Tuesday, November 30th, 2010

Coming Up Next

by Dorothy Bendel

The man on television warned me about the dangers of summer. I stayed indoors and watched the ignorant ride their bicycles and imagined the sunny hilltop they aimed to reach. They didn't know that being so close to the sky made them targets, that it would open up and swallow them whole, leaving their muddy wheels to spin and squeal so loud that I could hear them through the Ambien. The ones that weren't eaten by the sky came screaming down the hill, burnt and covered in mosquitoes that bit them over and over until their heads swelled up and they let their children play in the front yard. Children like the ones we would have had if the figures worked out and meshed with our IRAs. I knew about the danger of dangers because I had my eyes and ears open while they were busy living like people did before the revolution.

I went up that hill once when I wanted to get with the program and live my best life. The mega-super-doppler 1000 didn't know that everyone would leave so early. The dandelions were sponsored by Proctor and Gamble but they were all recalled because of a defect. A health hazard or safety hazard, said an official from the FDA and a doctor who specialized in Coca-Cola. It was mixed up in a warning to commuters and parents and consumers of air. I saw the exclusive, not seen anywhere else and paid for by the Association of Associations.

Somehow I missed the special report and got old anyway.
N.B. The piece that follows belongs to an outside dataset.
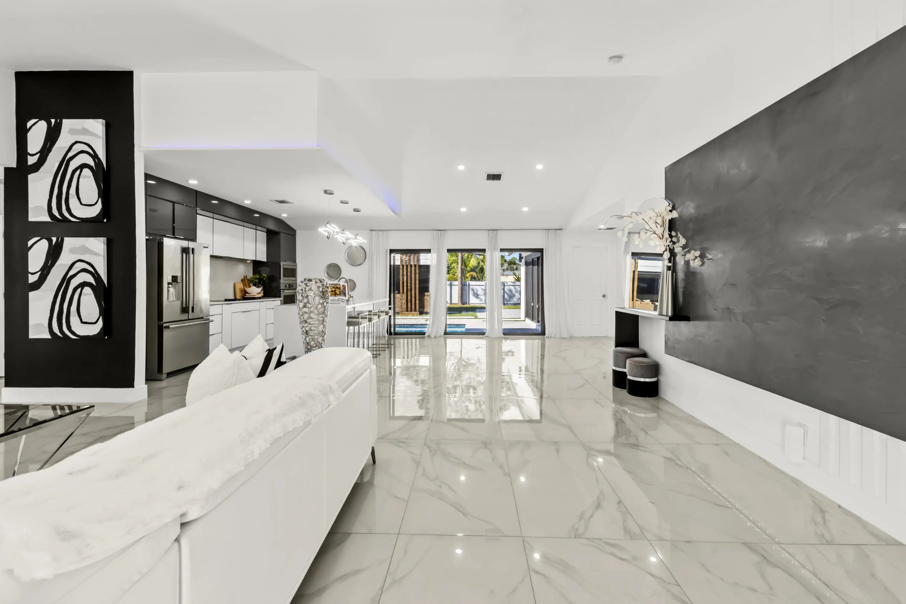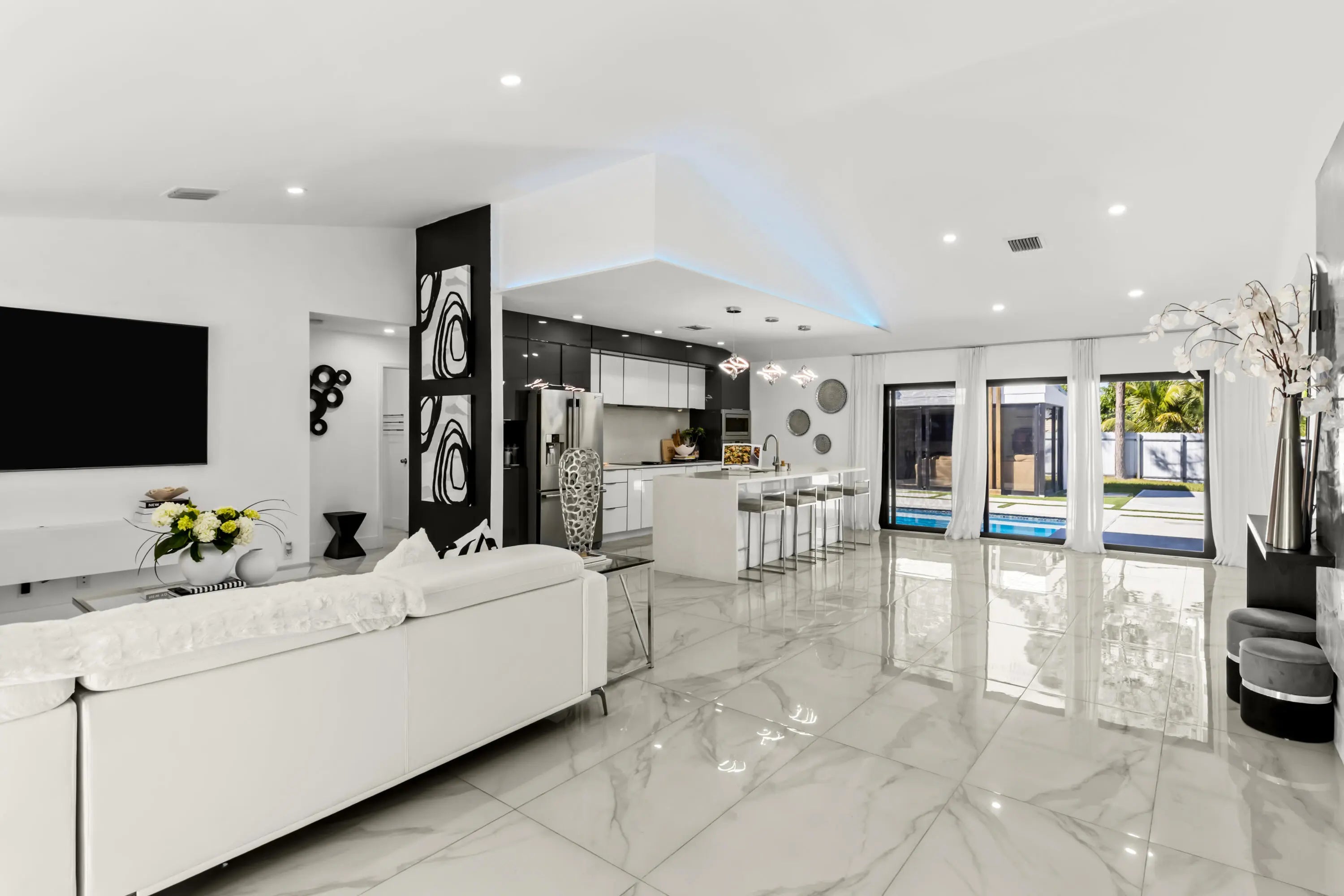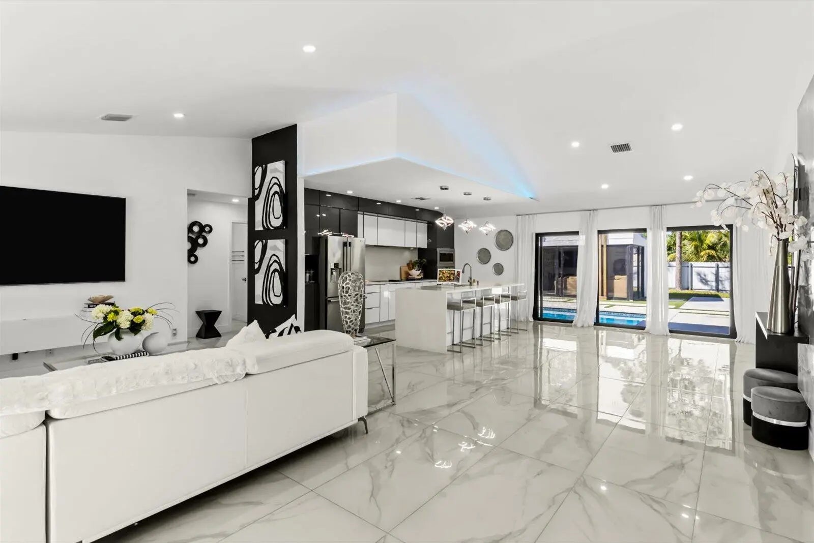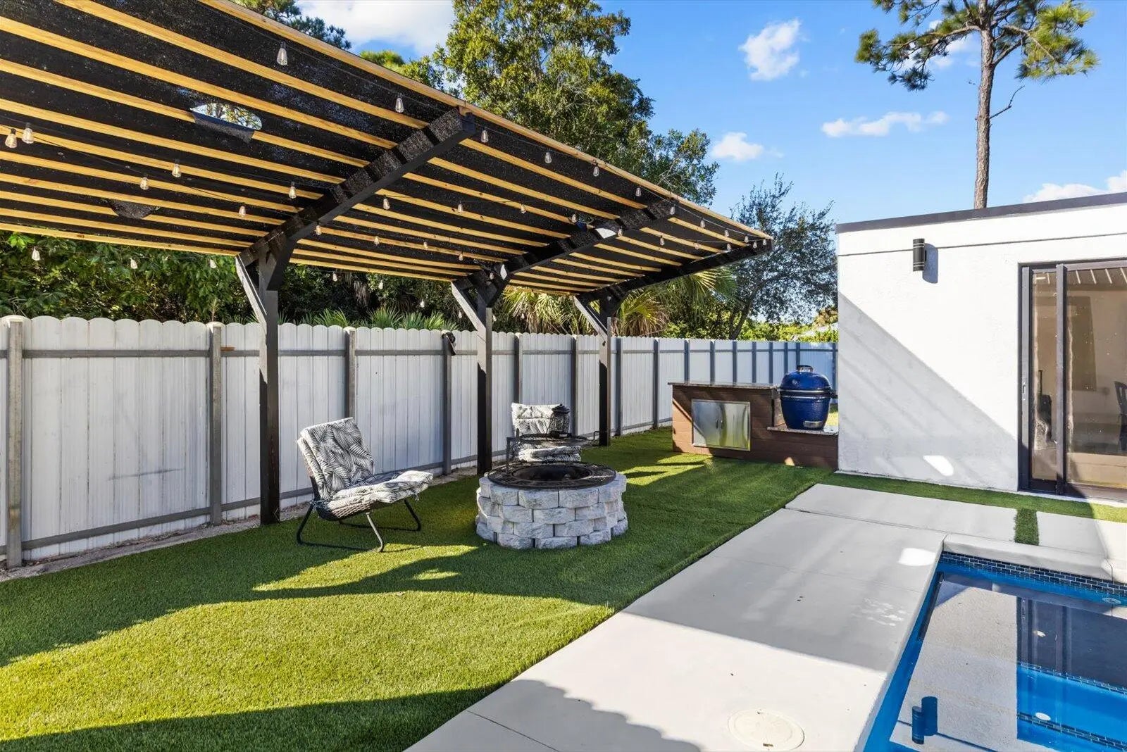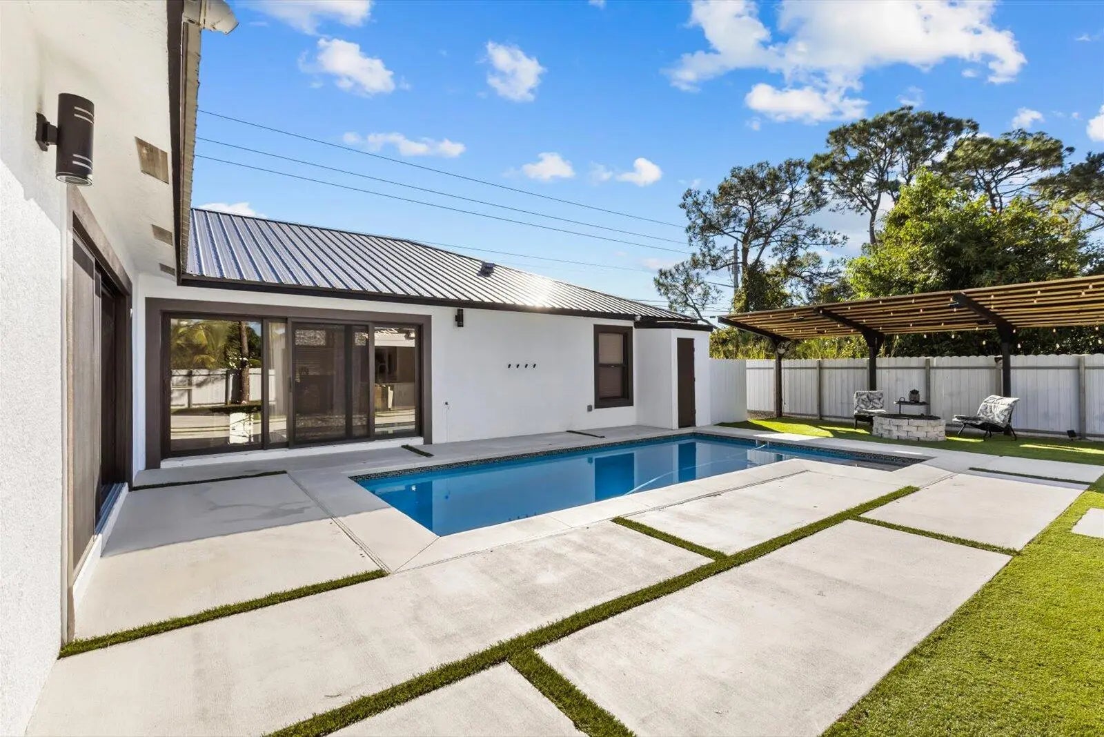 Stunning 3-bedroom, 2-bath home with office offering exceptional resort-style outdoor living in Port St. Lucie. This property features an open-concept layout with abundant natural light and well-appointed living spaces.The backyard is an entertainer's dream, showcasing a large swimming pool, pool house with outdoor kitchen, freestanding pergola, and a convenient half outdoor bathroom located on the patio. Additional highlights include a private half-court basketball area, ideal for recreation and entertainment. The garage has been converted into a private apartment-style space, complete with an independent bathroom, kitchen, and split A/C system, offering flexibility for guests, extended family, or potential income opportunities.

I should have listened to that expert on everything, the one they found on the street. He was nestled between the “Step-by-step Guide to Fighting a Holy War” and “How to Prevent Your Partner from Knowing Who You Are”. Now I watch strangers sleep so I can remember what it was like, soft and quiet with cameras all around.

They said that if I called right away we would receive a total eclipse. So I left the hill while the others kept looking up, no boxes or pinholes. I wanted to tell Oliver to come home but I couldn't download the software and the support team went on strike, holding out for more oil. He couldn't dissect the language and his ear piece disintegrated in the starlight before everything turned black. His eyes must have been like two giant plasma screens when they finally went out and he left me peeking out from behind the shades.